Hamline Women’s Hockey makes record as NCAA championship runners-up

Women’s Hockey’s NCAA runner-up finish is a record-setting first, but the team hopes to break it next year.

Melanie Hopkins

Senior Bre Simon received the prestigious Laura Hurd award from the American Hockey College Assocation. She is the first Hamline athlete to win the award, which is presented to the best player in the NCAA Women’s D-III level.

Lydia Hansen, Senior Reporter

Hamline’s women’s hockey team skated to a personal record-setting season finish when they became the national runners-up in the NCAA D-III championship game on March 16.

The Pipers beat out familiar competitors like St. Thomas and Wisconsin-River Falls to come in second to Plattsburgh State in the final match of the NCAA championship tournament.

This is a first for the women’s hockey team, but part of an upward trend of progress and performance the team has traced over the last three years under the leadership of head coach Natalie Darwitz, an Olympian and 2018 US Hockey Hall of Fame inductee.

Darwitz said her early impressions of Hamline’s women’s hockey team when she took the position four years ago were that they were a “team that had potential” despite their low MIAC rankings.

In just four years, Darwitz has turned that around. Her first season behind the bench saw the Pipers finish with a 9-13-3 record, the most wins for the team in nearly a decade. Her next season broke another record when the team qualified for the MIAC playoffs for the first time in a decade. The following year the Pipers finished third in the NCAA tournament for the first time in Hamline’s history.

“It’s a huge kudos for our program,” Darwitz said. “We’ve turned perceptions of Hamline’s Women’s Hockey from not being good to being a top contender nationally.”

The 2018-2019 season topped all previous records with the runner-up finish. Darwitz is confident this is just the beginning of even better seasons to come.

“This year it was proved that we were a mainstay at the top,” Darwitz said. “It was proved that last year wasn’t a fluke that we got lucky, but that we can back it up.”

Sophomore McKenna Hulslander is also hopeful about going back to the championships next year. She pointed out that the team the Pipers lost to in the championship, Plattsburgh State, was a team they had defeated in the NCAA tournament last year.

“[The championship] is not something that’s out of reach,” Hulslander said. “It’s a team that we have beaten and we will beat in the future.”

Junior Bre Simon said that while taking second is a disappointment, seeing the way the team continues to improve from year to year makes her hopeful.

“I know we didn’t get the outcome we wanted, but I think what made us successful was our team culture,” Simon said. “If we did lose or even between periods, especially during the Plattsburgh game, we were always there to pick each other up.”

Simon brought home some extra trophies this season. She was named the D-III Women’s Hockey Player of the Year by USCHO.com and won the American Hockey College Association’s Laura Hurd Award, which is presented to the best player in the NCAA Women’s D-III level.

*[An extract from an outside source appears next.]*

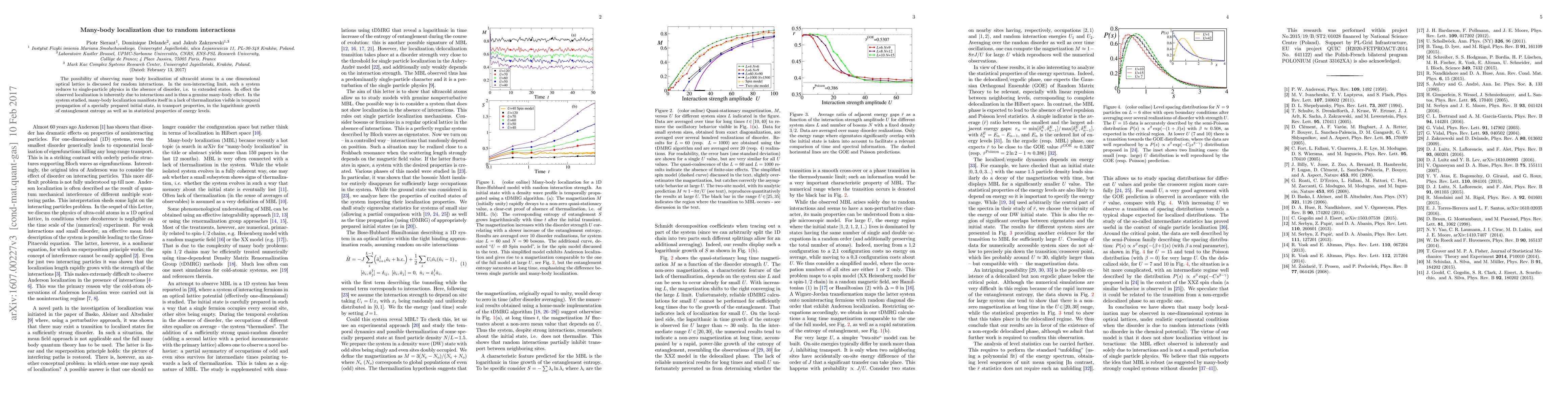This paper explores many-body localization in ultracold atoms within a one-dimensional optical lattice featuring random interactions, revealing localization as a genuine many-body effect distinct from single-particle physics. The study observes non-thermalization, altered transport, and logarithmic entanglement entropy growth due to these interactions.
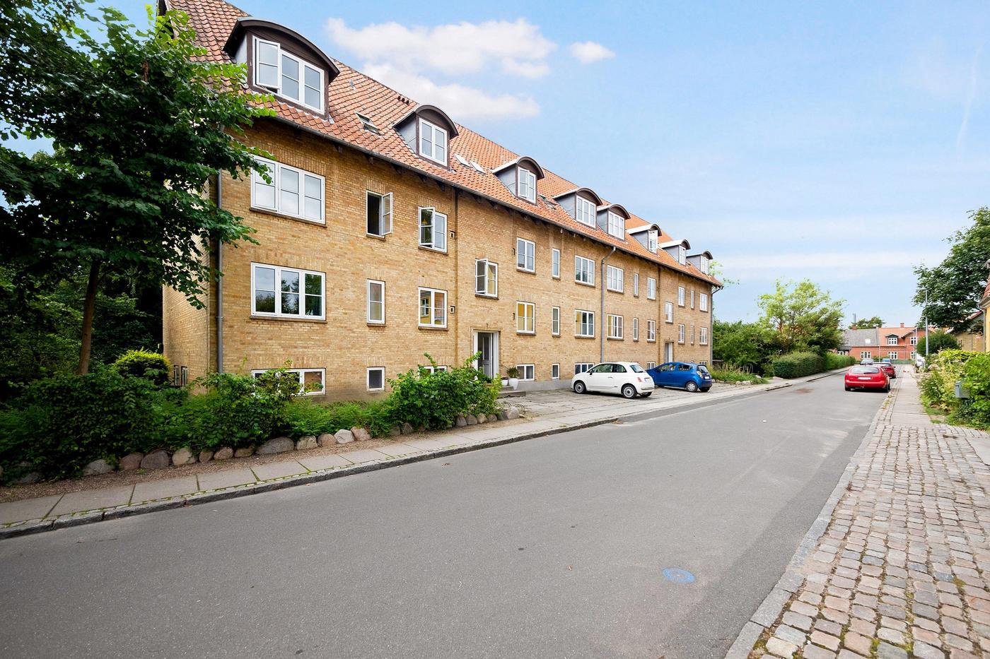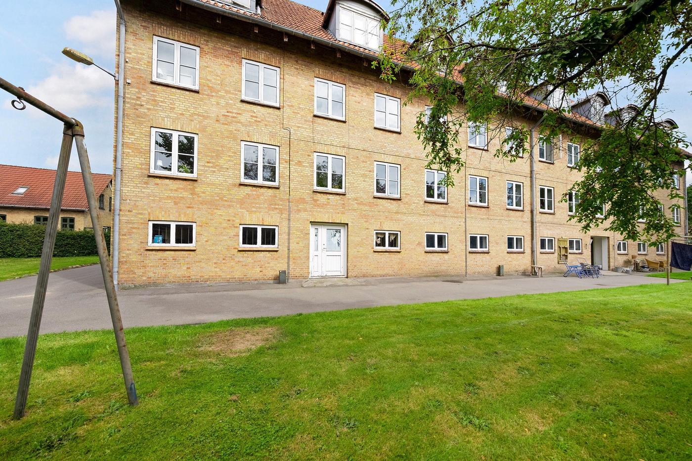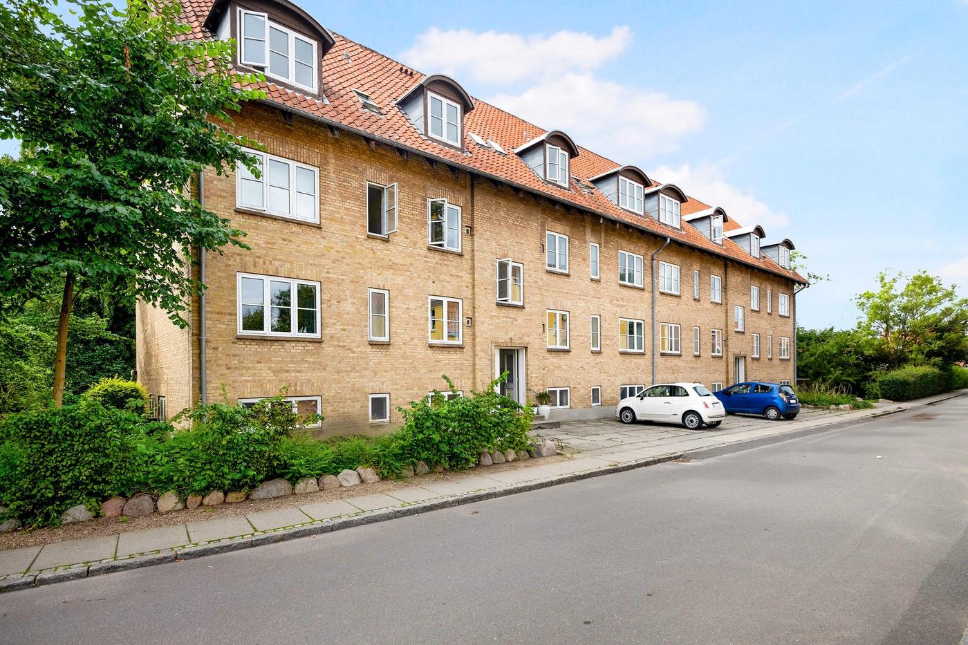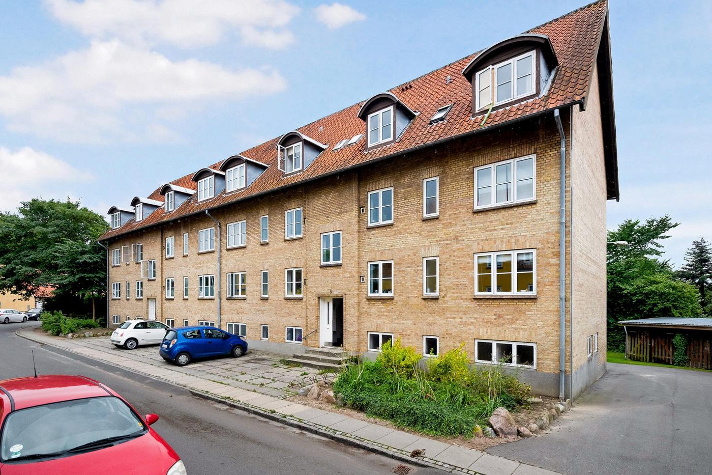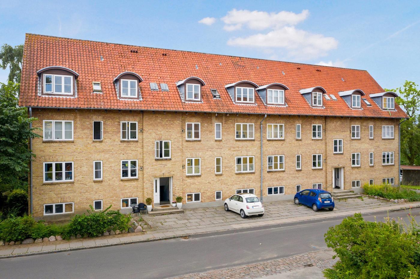 Flot boligudlejningsejendom i gule sten med sadeltag belagt med rødt tegl. Der er i alt 11 lejemål i ejendommen og boligerne varierer fra 69 m² til 81 m², dog med et enkelt lejemål på 100 m².

“If this was football, it would be the Heisman,” Darwitz said of the award. “She is the best player in the nation. No Hamline player has ever gotten that award in any sport.”

Another first for the Pipers this season was hosting the quarterfinals against Wisconsin-River Falls at TRIA rink, the first time Hamline has hosted an NCAA championship game.

The Pipers were also lucky to play another key championship game against St. Thomas in Mendota Heights, close enough to home to have great turnout of friends, family and fans. Both there and at TRIA rink, having packed seats to cheer the Pipers on made the experience and the milestones being made even better.

“We thank all the fans, all the students for their support and for coming out and cheering us on,” Darwitz said. “It really made it an advantage to have the fans cheering when we played and scored a goal.”

Senior Dani Perry has been playing on the hockey team for three years and says the team’s growth over that time is a significant indicator of potential to continue setting records.

“Going out as a senior, I’m a little bummed we didn’t take the championship, but I have a lot of confidence that this won’t be the last time this team plays the championship,” Perry said. “I know Coach Darwitz isn’t anywhere close to being done yet. I’m really excited to see what the team will do in the years to come.”